What is being asked :: Locate "6、點擊進入興趣課,用戶可以在這里全面進行學習,培養孩子的興趣。" in the records below, then copy its line and every following line exactly, without the pictures.

(Excerpted records)

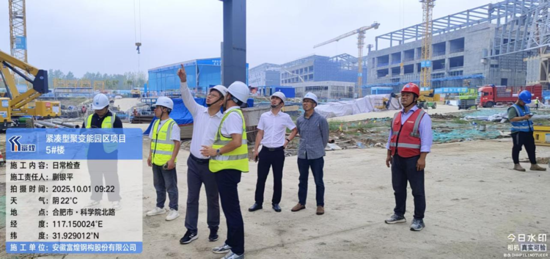 10月1日,國慶節(jié)當天,富煌鋼構總工程師童敏便帶隊來到緊湊型聚變能實驗裝置園區(qū)鋼結構工程項目現(xiàn)場。他仔細檢查了高空安裝作業(yè)的安全防護措施,詳細詢問了節(jié)假日期間的施工組織安排,并重點查閱了安全交底記錄與特種作業(yè)人員持證上崗情況。“越是節(jié)假日,越要繃緊安全這根弦。領導帶班不是走形式,而是要真正發(fā)現(xiàn)問題、解決問題。”童敏在檢查中再三強調。
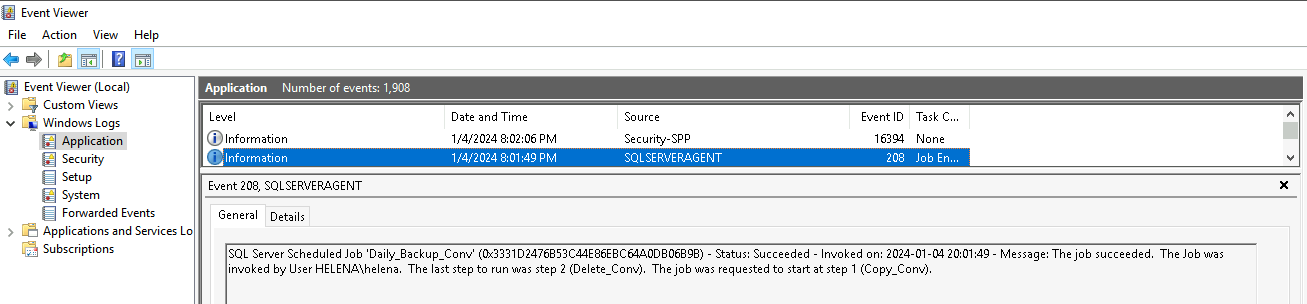 To finsih things up, i like to log the operation onto Event Viewer everytime the job executes
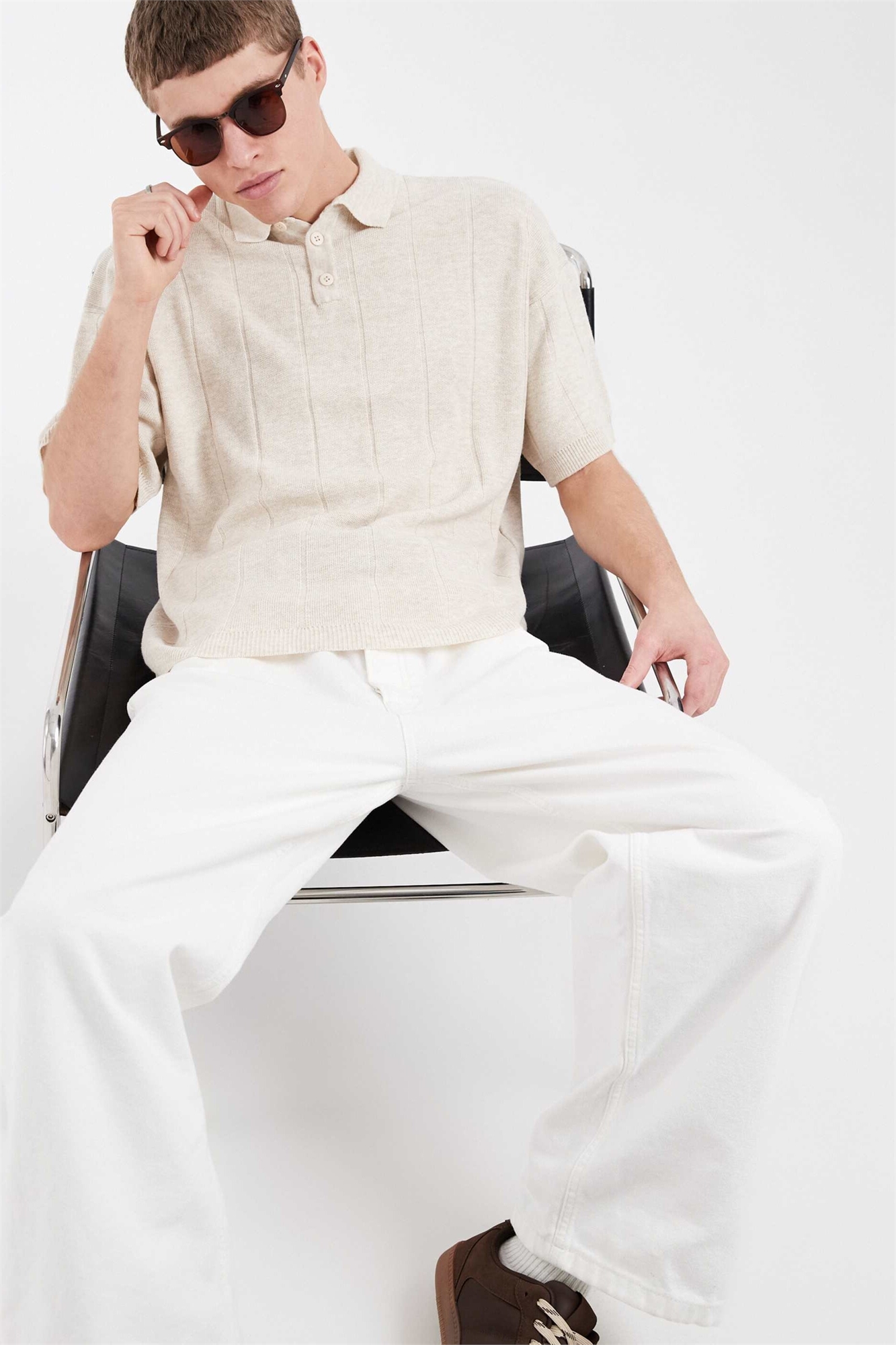 Поло с короткими рукавами из трикотажа с крупной ребристой вязкой
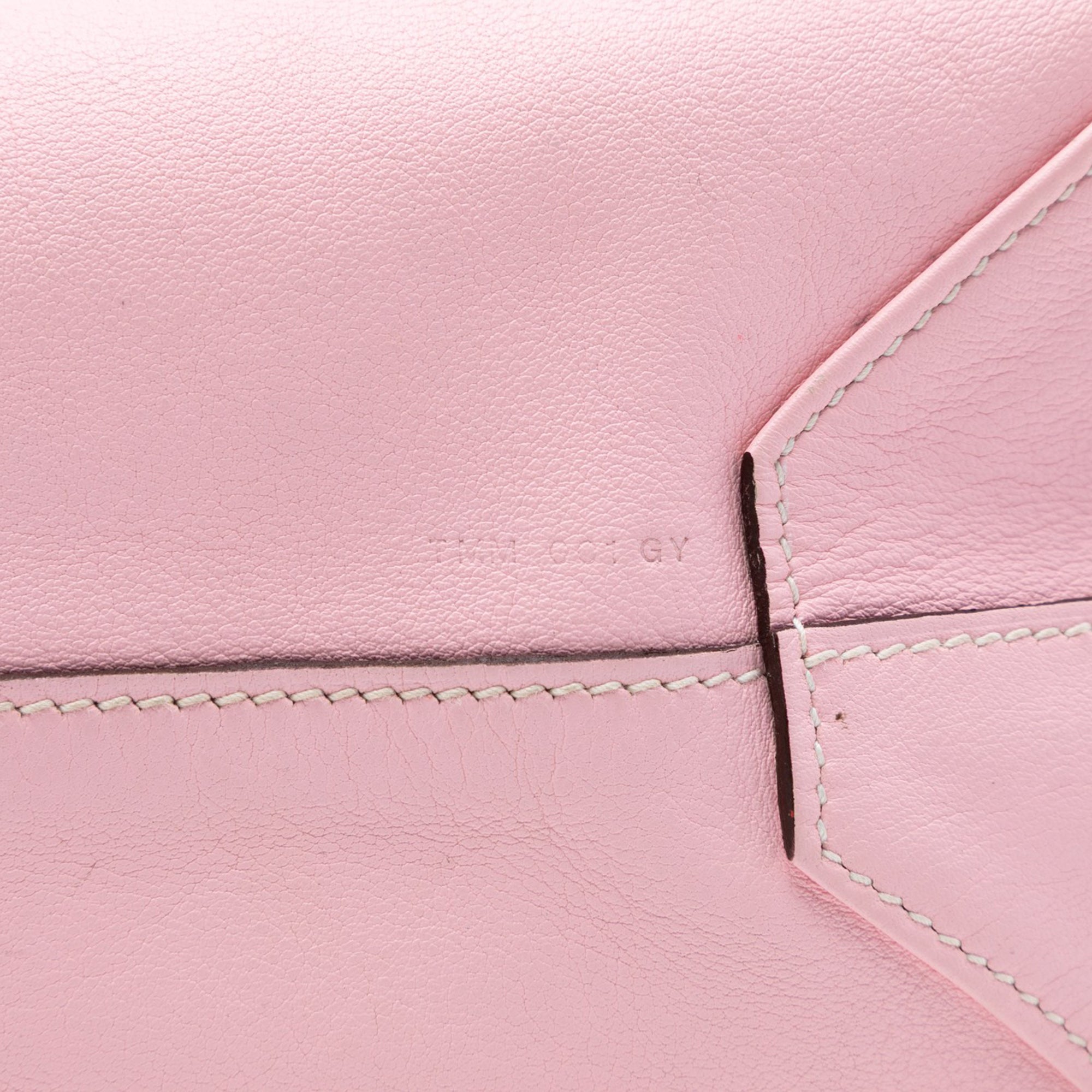 This Double Sens features a reversible Clemence leather body in Rose Sakura and Rouge Pivoine colors, flat leather straps, and an open top. Retail Price: 3800.00
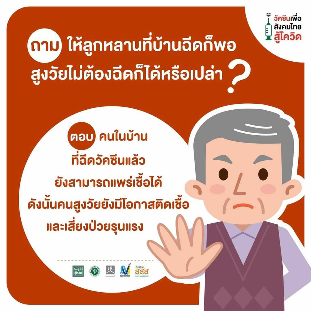 ตอบ คนในบ้านที่ฉีดวัคซีนแล้วยังสามารถแพร่เชื้อได้ ดังนั้นคนสูงวัยยังมีโอกาสติดเชื้อ และเสี่ยงป่วยรุนแรง
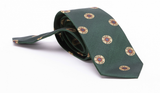 Green coloured 100% Silk hand made ties featuring a patterned Eley 12g cartridge cap motif.
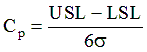 where USL is the upper specification limit, LSL is the lower specification limit and s is the standard deviation. Cp is independent of the units of measure.
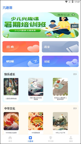 6、點擊進入興趣課,用戶可以在這里全面進行學習,培養孩子的興趣。
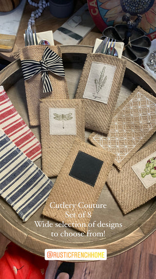 Shop Cutlery Couture Silverware Pouches and discover our unique way of "dressing" the table. We believe that the most meaningful moments are those spent with friends and family; sharing a table, a meal, and a toast “To good friends, good times and the good life!” We were inspired by the chic simple table settings we encountered traveling in Europe, and designed our silverware pouches to capture that French farmhouse feel, perfectly simple but simply sophisticated.
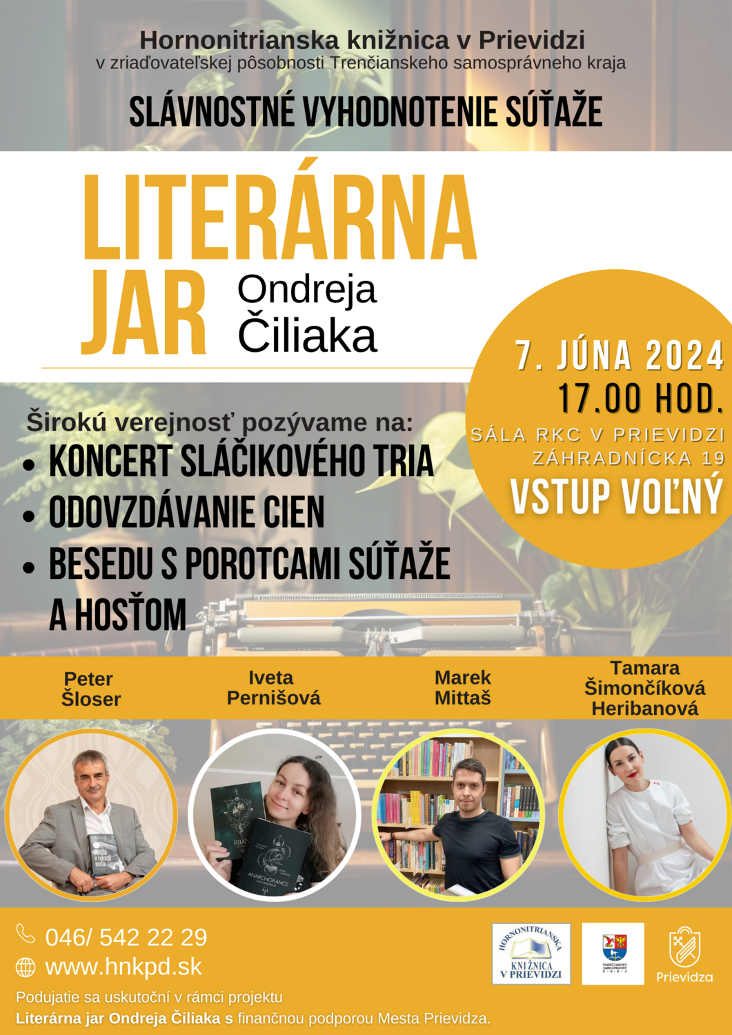 Milovníkov literatúry, spisovateľov, nádejných autorov a čitateľov pozývame na slávnostné vyhodnotenie súťaže Literárna jar Ondreja Čiliaka 2024.

(End Excerpted records)

Exercise answer ::
 6、點擊進入興趣課,用戶可以在這里全面進行學習,培養孩子的興趣。
 Shop Cutlery Couture Silverware Pouches and discover our unique way of "dressing" the table. We believe that the most meaningful moments are those spent with friends and family; sharing a table, a meal, and a toast “To good friends, good times and the good life!” We were inspired by the chic simple table settings we encountered traveling in Europe, and designed our silverware pouches to capture that French farmhouse feel, perfectly simple but simply sophisticated.
 Milovníkov literatúry, spisovateľov, nádejných autorov a čitateľov pozývame na slávnostné vyhodnotenie súťaže Literárna jar Ondreja Čiliaka 2024.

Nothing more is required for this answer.